Comment - Vol. 12 Nos. 3-4 ARIA 2001
Originally from American Review of International Arbitration - ARIA
What a strange review this is!1 It is impossible to tell if the reviewer has failed to penetrate my doctoral thesis sufficiently in detail, simply not understood it, or lacked the interest and/or the time. It goes without saying that every reviewer has the right, and should, express his own views. A review which is merely a personal gloss without any attempt at a straightforward account of what the thesis is all about, let alone at a scholarly discussion of the legal issues analyzed in a doctoral thesis is, however, to put it in diplomatic terms, a bit unusual.
The reviewer states that the subject of “this book is extinctive prescription.” This is true of course – but only partially. As indicated already by the title of the thesis the subject is extinctive prescription “and applicable law in Interstate Arbitration.” In section 1.1 (The Problem) at page 15, I explain that extinctive prescription will be used as an illustrative example in discussing and analyzing the law applicable in interstate arbitration. That is why almost 200 pages of the thesis discuss various aspects of the applicable law in interstate arbitration, a fact which would come as a complete surprise to the reader of the thesis, having seen only the review. Extinctive prescription is defined on the next page, page 16, after having been mentioned on the first page of the introductory chapter, page 13, thus not addressed for the first time on page 248, as suggested by the reviewer.

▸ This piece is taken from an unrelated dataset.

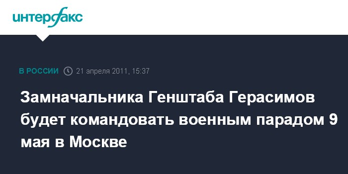 Москва. 21 апреля. INTERFAX.RU - Командовать Парадом Победы на Красной площади будет заместитель начальника Генштаба Вооруженных сил генерал-полковник Валерий Герасимов, сообщил в четверг "Интерфаксу-АВН" официальный представитель Минобороны РФ полковник Игорь Конашенков.

The purpose and the scope of my study are explained in section 1.4 of the thesis. The analysis of the law applicable in interstate arbitration is done both at a general level, focusing on party autonomy and possible limitations thereon, and at a detailed level using extinctive prescription as an illustrative example. Why extinctive prescription? As explained on page 16 of the thesis, because of the fatal effect of extinctive prescription – extinction of the claim in question, thus leading to the end of the arbitration – the issue of applicable law is brought to a head, and the arbitral tribunal must address it squarely and rule on it. As I explain on page 13, the first page of the introductory chapter, the issue of extinctive prescription has arisen in a number of relatively recent arbitrations, one example being the arbitration concerning the U.S. Embassy in Moscow which was initiated at the beginning of the 1980’s. It is thus not correct to say, as the reviewer does, that none of the arbitrations cited by me since the end of World War I involved extinctive prescription. Not only does he miss the other arbitrations referred to on pages 13–14, but also the wellknown Ambatielos Case, decided in 1956. Remarkable!